Document téléchargé depuis www.cairn.info - Columbia University - - 74.101.99.92 - 23/05/2018 02h54. © La Découverte

C’est parce qu’ils se trouvent ainsi confrontés au problème stratégique

de leur interdiction dans la capitale et de leur impuissance sur le territoire

national, que, selon l’expression d’un historien saint-simonien du

saint-simonisme, « les apôtres sécularisés, après l’épreuve héroïque de

Ménilmontant et le martyre de [la prison de] Sainte-Pélagie » [Laurent,

1865-1867, t. 11, p. 170], cherchent le salut hors de l’Europe chrétienne,

dans cet Orient ottoman alors en proie aux bouleversements que

l’on sait. Sortie non dénuée d’ambiguïtés au point de vue qui nous

occupe. D’un côté, en effet, les éclaireurs, notamment Barrault et son

groupe, les « Compagnons de la Femme », en grand costume de nouveaux

croisés, se prétendent à la quête de la Femme Messie appelée par

Enfantin, cette « Mère », qu’ils imaginent juive et sujette du sultan. Cela

leur vaut, rapidement, une expulsion brutale vers les périphéries de

l’Empire ottoman. Mais, d’un autre côté, lorsqu’en 1833 Enfantin luimême

fait voile pour l’Égypte avec les plus fidèles de ses fidèles, il se

garde bien de porter le costume saint-simonien et d’afficher des buts

mystiques : son projet se veut industriel et essentiellement viril,

puisqu’il s’agit de percer l’isthme de Suez. Présentées comme des

départs volontaires et des « missions », ces migrations ressemblent fort

au demeurant à des départs en exil négociés comme tels avec les autorités

gouvernementales, avec passeports à l’embarquement et protection

diplomatique au débarquement. À travers le renfort apporté aux experts

français déjà présents en Égypte (Soliman Pasha, Clot Bey, Linant de

Bellefonds, Cerisy, etc.), la dimension officieuse de la coopération technique

et scientifique proposée à Muhammad Ali par le biais d’exilés de

cette espèce est aussi flagrante qu’implicite [Régnier, 1989].

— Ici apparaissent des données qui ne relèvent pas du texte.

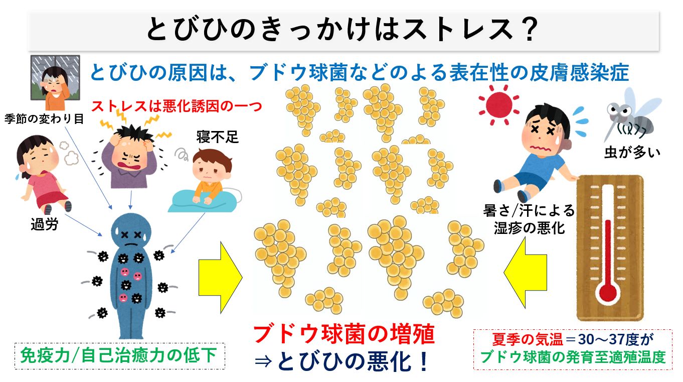 とくにストレス/睡眠不足などは、細菌感染疾患を悪化させる可能性がありますが、とびひが夏季に多いことから考えると、「暑さや汗による湿疹の掻き崩しや夏の気温」がとびひの悪化に係わっている可能性の方が大きいでしょう。ブドウ球菌は、常温での幅広い温度で増殖しますが、とくに30~37度で非常に活発に増殖至適増殖温度)することが最も大きな誘因と考えられます。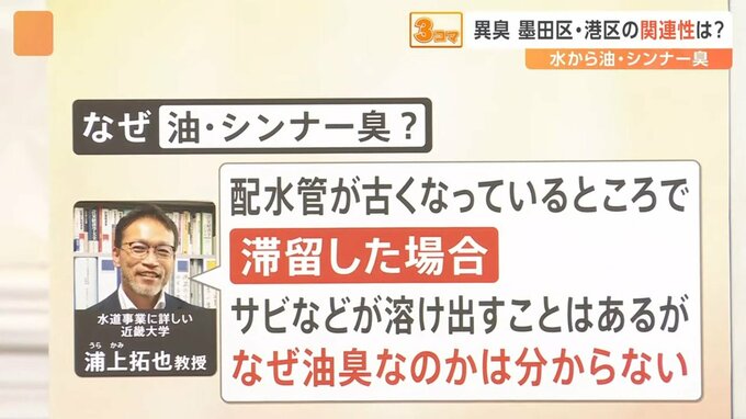 浦上教授は「配水管が古くなっているところで滞留した場合、サビなどが溶け出すことはあるが、なぜ油臭なのかは分からない」といいます。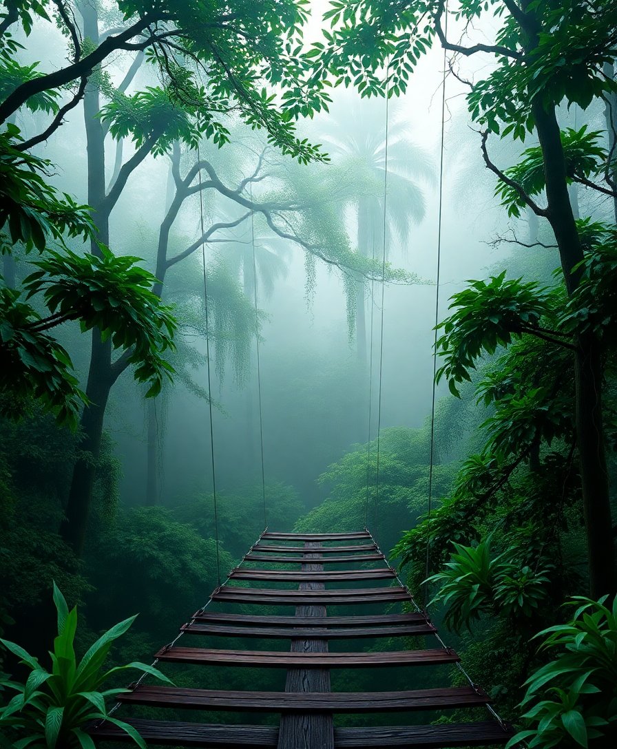 Ultimately, add the final touches to bring your rainforest scene to life. Apply darker greens for lush foliage depth. Additionally, enhance the bridge’s weathered wood texture. Your completed masterpiece will showcase nature’s serene beauty perfectly.

Dans ces conditions, il n’est pas surprenant qu’en terre musulmane,

les néochrétiens, à la fois réfugiés politiques et proscrits religieux, se

résolvent à faire rentrer leur foi dans la sphère privée et adoptent une

posture d’assimilation à l’envers, en quelque sorte, de la posture coloniale

de domination. Sans doute la colonie saint-simonienne du Caire

adopte-t-elle le comportement ordinaire de toutes les colonies étrangères

en position de faiblesse et de minorité où qu’elles soient, en commençant

par se replier sur la communauté francophone et sur ellemême,

tout en adoptant, peu à peu, le costume et les mœurs du pays.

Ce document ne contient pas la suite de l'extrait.